Profile Image for Ambrogio.
85 reviews
September 18, 2021
There are some truly memorable and beautiful passages in this anti-travel-guide: Lyons is interested in failed journeys, hopeless voyages, and impossible quests. His background as a Tudor specialist shows, in the more detailed essays on Raleigh etc. The book became a little tiring in its whimsical tone and should have been edited more tightly (the font in my edition was tiny, suggesting that Lyons was over-length!). Still, for these caveats this is an enjoyable and very informative book and exceptionally creative.
Profile Image for Ian Banks.
1,123 reviews6 followers
January 12, 2021
This is a lot of fun. Mr Lyons presents a range of expeditions from throughout history and talks about how they achieved something that could not be achieved today: a journey into unknown lands. It’s a hoot. The explorers are presented as bold and visionary but Lyons also presents their shortcomings and how they were unprepared. He’s often sympathetic to his subjects - it’s only his footnotes that betray a modern sensibility - and describes their ambitions honestly, giving them credit where it is due but not pulling the rug out from under them unless they truly deserve it.
Profile Image for Rose.
1,536 reviews
August 20, 2023
The sarcastic tone of the book makes it amusing, but also makes it hard to understand the scale of the journeys being attempted, or to take seriously the periods of history described. While it seems some major ignorance and incompetence went into these journeys, clearly enough people at the time believed in these possibilities for such voyages to be attempted. While the writing style was entertaining, it made understanding the mindset of the people involved hard.

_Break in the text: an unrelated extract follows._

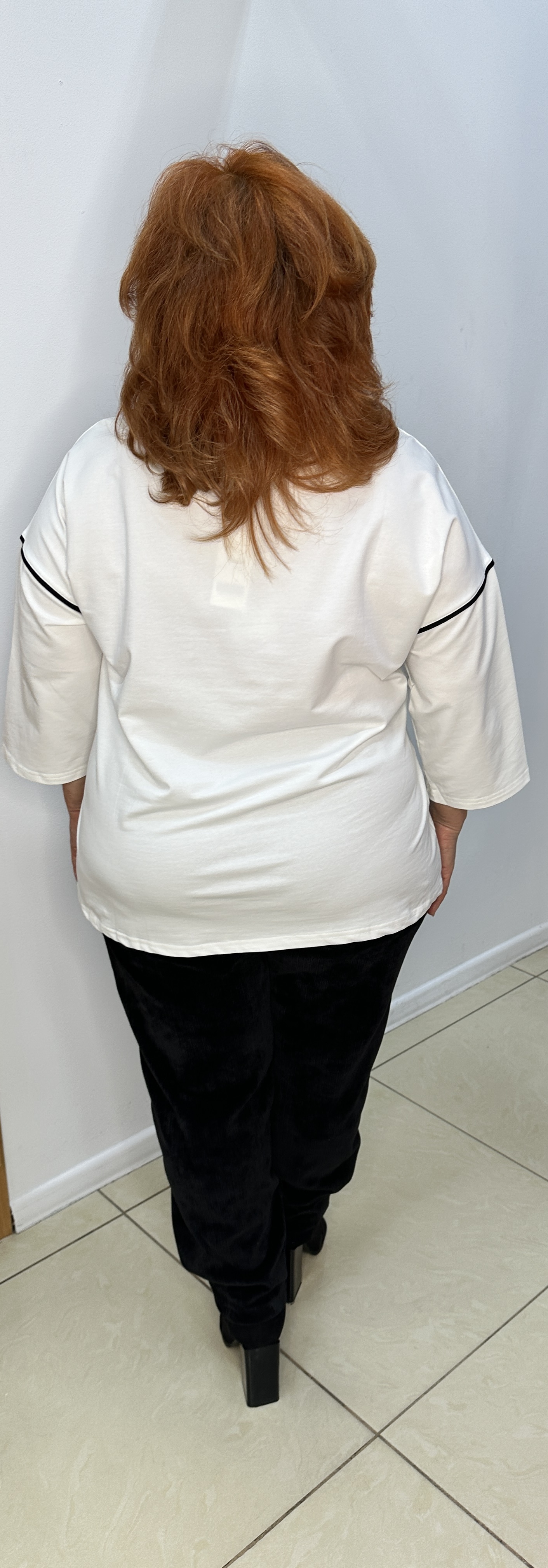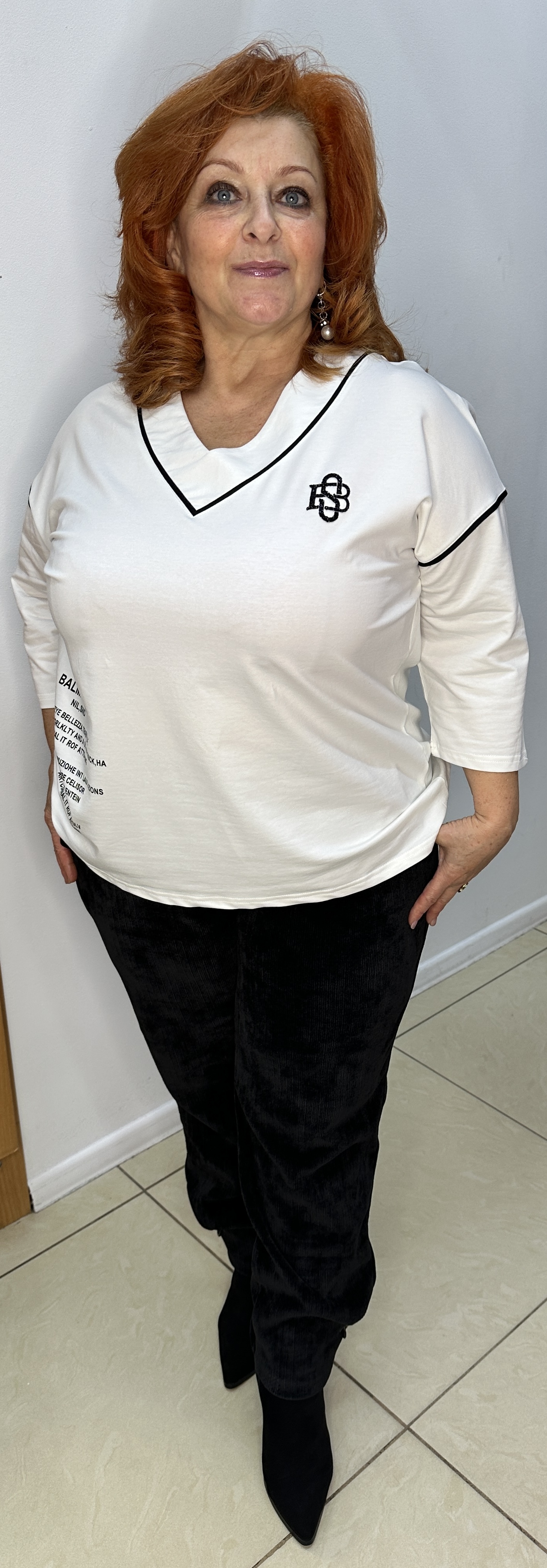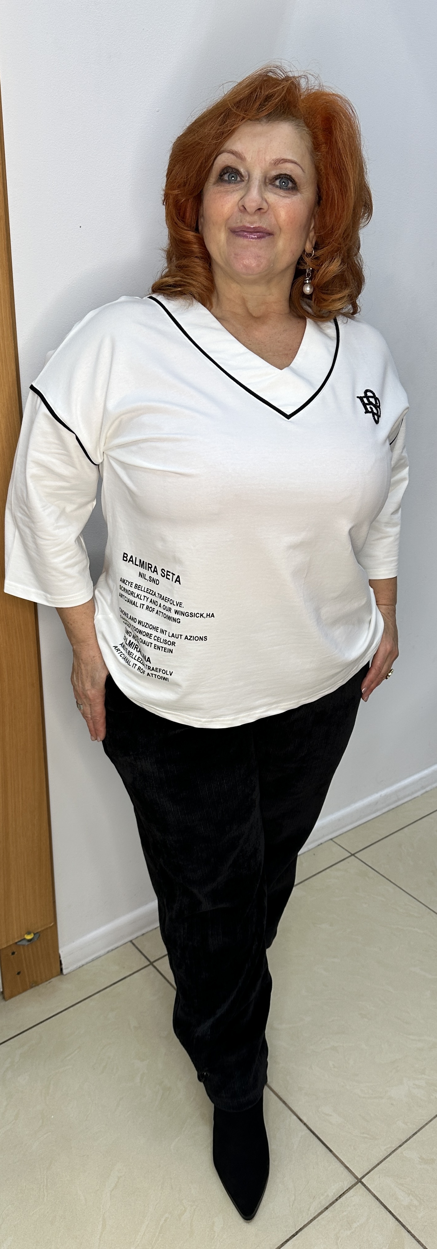 Белый трикотажный блузон с V-образным вырезом декольте модель 2564, хороший выбор для стильной женщины. Прямой фасон, длинный рукав и черный кант, а также черные надписи и эмблема. Достойный вариант повседневной одежды. Хорошо смотрится с любым низом.

Profile Image for Alex Barrow.
76 reviews
August 24, 2021
A series of brief snapshots and stories from the miscalculations, misdeeds, exaggerations and downright lies of early explorers from the early Middle Ages through the discovery of Australia. Some entertaining, some tragic, some a bit odd. Probably a book to pick up on occasion and read one story from than plod through in one sitting.
Profile Image for Colin.
236 reviews4 followers
November 23, 2020
Clever and informative, but all rather a mixture. Enjoyable read, but nothing too profound.
119 reviews1 follower
October 7, 2016
My wife and I read this book together. We took it in pieces, reading a chapter or two between other books. For us, I think that was the best way to enjoy the book.

My two favorite chaptersL

1) actual historical story of looking for the Northwest Passage via the Gulf of California (yep, hidden right behind the Baja Penninsula).

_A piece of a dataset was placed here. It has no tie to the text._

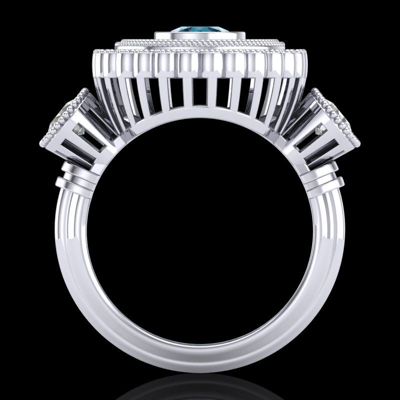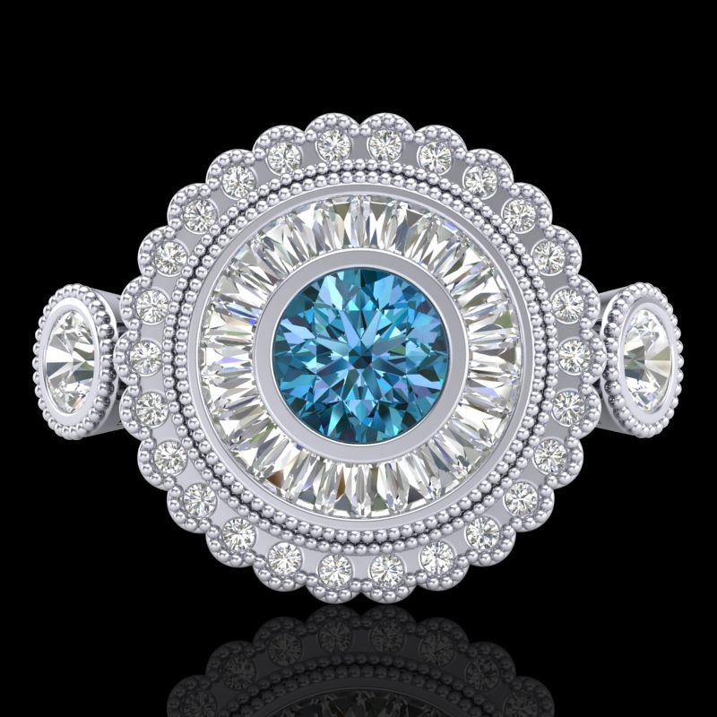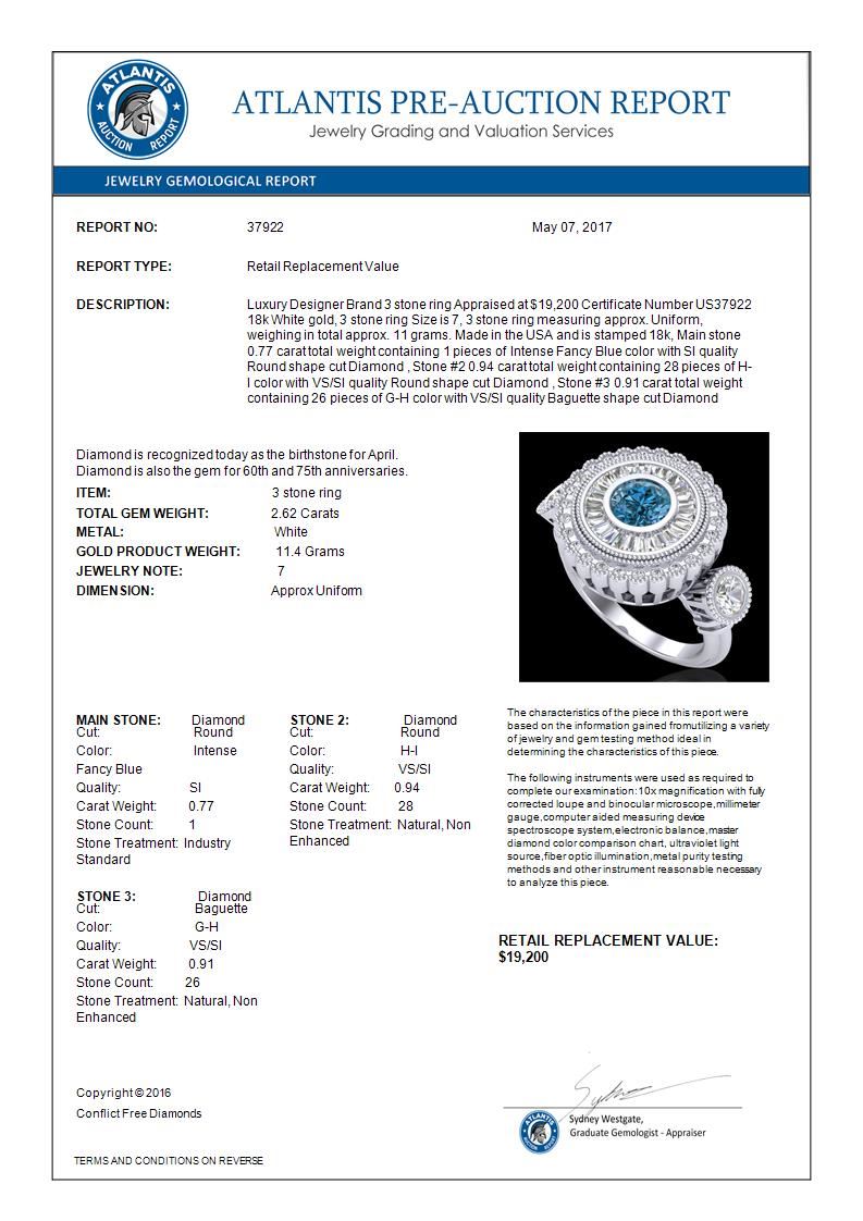 2.62 CTW Intense Blue Diamond Solitaire Art Deco 3 Stone Ring 18K White Gold ---- Luxury Designer Brand 3 stone ring Appraised Retail Price at $19,200 ---- SKU Number US37922 18k White gold 3 stone ring Size is 7, 3 stone ring measuring approx. Uniform, weighing in total approx. 11 grams. Made in the USA and is stamped 18k, Main stone 0.77 carat total weight containing 1 pieces of Intense Fancy Blue color with SI quality Round shape cut Diamond , Stone #2 0.94 carat total weight containing 28 pieces of H-I color with VS/SI quality Round shape cut

2) The quest for El Dorado. Having read several books of adventure travel on the Orenoco River, I was fascinated by the account of Sir Walter Raleigh and his vast underestimation of how difficult his situation would be up that river -- and from my reading it is pretty clear that that difficulty hasn't changed much right up to the 1980s.
Profile Image for Nick.
Author 21 books141 followers
October 3, 2009
A little gem of a book. Lyons has created a collection of mistakes, lost causes, delusions, and misdirected attempts to find new continents, passages to India, cities of gold, and all the other fantasies of the age of exploration. You won't find Columbus here; relatively speaking, he was successful. Instead, you get the lost, the wandering, the mad, and the confused. It's a strangely affecting and diverting set of tales.
28 reviews
June 23, 2011
Well, I gave up on this in the end. Maybe I'll continue to read a chapter here and there over time. The overall design was too fragmentary to sustain interest. It seemed odd that the tales were not arranged in chronological order, but rather jumped around in time. Perhaps there was some logical progression that I didn't appreciate, but the apparent absence of one made the going that much harder and less engaging. Still, nice idea for a book.